Our previous study demonstrated that serum starvation significantly induced neuroblastoma (N2a) cancer cell differentiation through the HAS3 protein expression [10]. In this study, low serum concentration (<0.5% FBS for 24 h) significantly induced HAS3 protein expression in MDA-MB-231 cancer cells (Figure 3a). Time-dependent experiments demonstrated that treatment with 0.1% FBS as early as 12 h significantly induced HAS3 protein expression in cancer cells (Figure 3b). The p21 cell growth cycle inhibitory protein expression was upregulated in the HAS3 expressing cells, consistent with HAS3 protein expression (Figure 3a,b). To test whether HAS3 expression is involved in regulating the cell cycle in cancer cells, MDA-MB-231 cells were synchronized by treatment with 0.04% FBS for 48 h, according to our previous paper described [24]. The synchronized cells were then treated with 10% FBS to activate the cell cycle, and the cells were harvested for flow cytometry analysis (Figure 3c). The results indicated that HAS3 and p21 protein expression in cells at the G2/M phase was upregulated simultaneously, starting at 21 h after 10% FBS treatment (Figure 3c, lower panel). These results implied that serum starvation-induced HAS3 and p21 protein expression were involved in regulating the proliferation of breast cancer cells at the G2/M phase of the cell cycle.

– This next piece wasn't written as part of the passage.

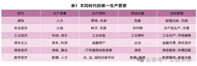 数据要素定义:数据要素是指在数字经济时代,数据作为一种关键的生产要素,它与土地、劳动力、资本等传统生产要素一样,对于推动经济增长和社会发展具有重要作用。数据要素的价值体现在其能够通过分析、处理和应用来创造新的商业模式、优化决策过程、提高生产效率,从而在经济活动中发挥乘数效应。如下图所示,不同时代,有不同的要素作为生产第一要素;然而,唯有到了数字经济时代,数据作为生产第一要素能够和其他要素结合起来,发挥倍增效应。
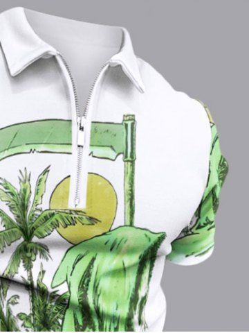 Plus Size Skull Sea Wave Surfer Coconut Tree Sun Scythe Print Hawaii Zipper Polo Shirt For Men - White - Xs

The HAS3-induced G2/M phase cell cycle regulatory effects were explored in the MDA-MB-231 cells transfecting with the HAS3-overexpression plasmid. Interestingly, we found that the population of HAS3-overexpressing cells in the G2/M phase was significantly higher (red arrow) than the vector control-treated cells (Figure 3d, * p < 0.0002). These results indicated that the overexpression of HAS3 effectively induced human breast cancer cells arrested at the G2/M phase. The cells transfected by HAS3 overexpression and vector control plasmids were analyzed for flow cytometry analysis and subdivided into two populations according to the HAS3 protein expression level (low, named HAS3-L vs. high, named HAS3-H) (Figure 3e, left). The cyclin B1 expression, a marker for the G2/M phase of the cell cycle, was detected in the HAS3-H cells simultaneously (Figure 3e, red bar, * p < 0.0001). We further see the cyclin B1 protein expression in the population of HAS3-H and HAS3-L cells by IF staining. The cyclin B1 protein expression was detected preferentially in the HAS3-H cells (Figure 3f, yellow arrows). The results showed that overexpression of HAS3 in human breast cancer cells inhibits cell proliferation through cell cycle arrest at the G2/M phase.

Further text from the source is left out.